Sundus Saleh, a teacher and jewelry storeowner in Iraq, said she was driven out of her home by US-allied troops after the invasion in 2003 and wound up as a refugee in Jordan, where she has been unable to find steady employment. Her suit, filed last year as a proposed class action on behalf of other displaced Iraqis, accused Bush, former Vice President Dick Cheney, Defense Secretary Donald Rumsfeld and other administration officials of illegally waging an unprovoked war of aggression, in violation of international law.
In a Dec. 19 ruling, US District Judge Jon Tigar of San Francisco said the suit had failed to comply with restrictions imposed by the Federal Tort Claims Act, which governs all private claims of injuries inflicted by federal government employees. That law requires the injured person to file an initial claim with the US government, which Saleh did not do, and, if rejected, to file suit within two years of the alleged wrongdoing.

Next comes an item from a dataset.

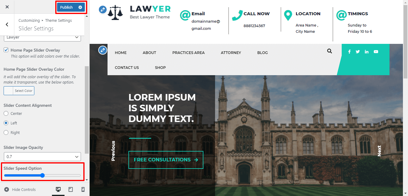 Here You have an option to the speed of slider to load slider fast for the theme.
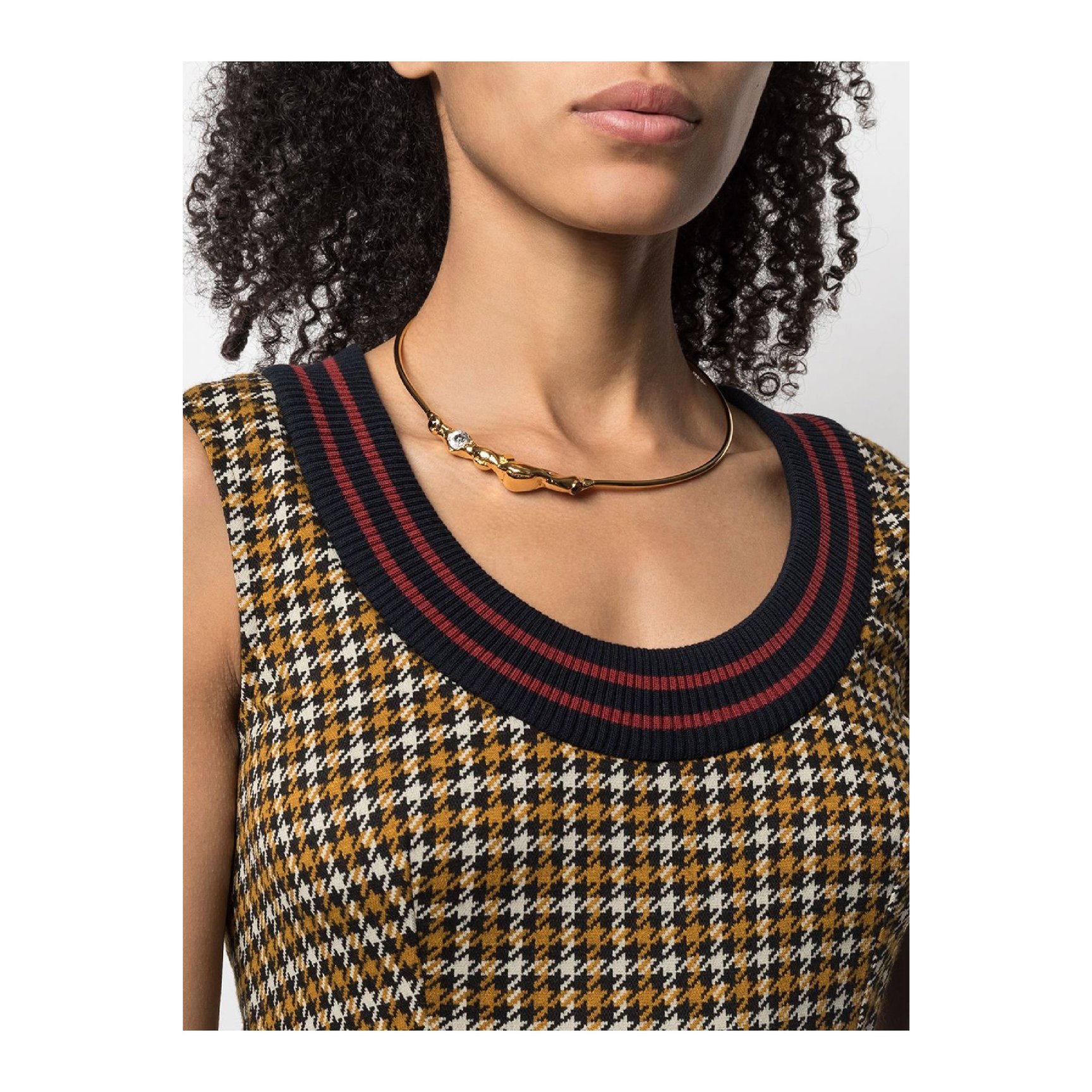 真鍮の美しい輝きを首元にプラスしてくれるのが、「マルニ(MARNI)」のラウンドシェイプチョーカー。中に埋め込まれているクリスタルが高級感あるルックを演出。マルニらしい独特なワンポイントデザインが、シンプルなコーディネートによく映えます。

Saleh couldn’t have met those deadlines, said her lawyer, Inder Comar. And even if she had managed to file an administrative claim and a lawsuit while fleeing and resettling, Comar said, she would have been excluded by Supreme Court rulings barring suits against the United States under the Tort Claims Act for injuries suffered in a foreign country.
The net result, the lawyer said, is that even if a US war violated international law, the nation’s courts have closed their doors to the war’s victims. That, he said, seems to contradict the position the United States took after World War II, when prosecutors from the US and other nations won convictions at Nuremberg against Nazi leaders for waging a war of aggression.
“This was a serious attempt to hold US leaders accountable under laws set down at the Nuremberg trials in 1946,” Comar said. He said Saleh is considering an appeal.
In seeking dismissal of Saleh’s suit, lawyers from President Obama’s Justice Department argued that the case was covered by the Federal Tort Claims Act and its deadlines because Bush and his aides acted within the “scope of their employment” in conducting the war. Saleh, in response, said it wasn’t covered by that law because the president was actually pursuing a private ideological agenda that he had displayed long before taking office in 2001.
Bush administration officials “were not motivated by genuine national security interests” but by “personally held neoconservative convictions which called for American military dominance of the Middle East, and by a religious world-view,” Comar said in court papers.
Regardless, Tigar said, the officials were acting in the scope of their government employment.
“Engaging in war is without doubt among the conduct these defendants were employed to perform,” said the judge, an Obama appointee. He said Saleh had failed to show that Bush and his staff were seeking personal gain from the war or that their actions in planning and carrying out the war “were not motivated, at least in part, by a subjective desire to serve the interests of the United States.”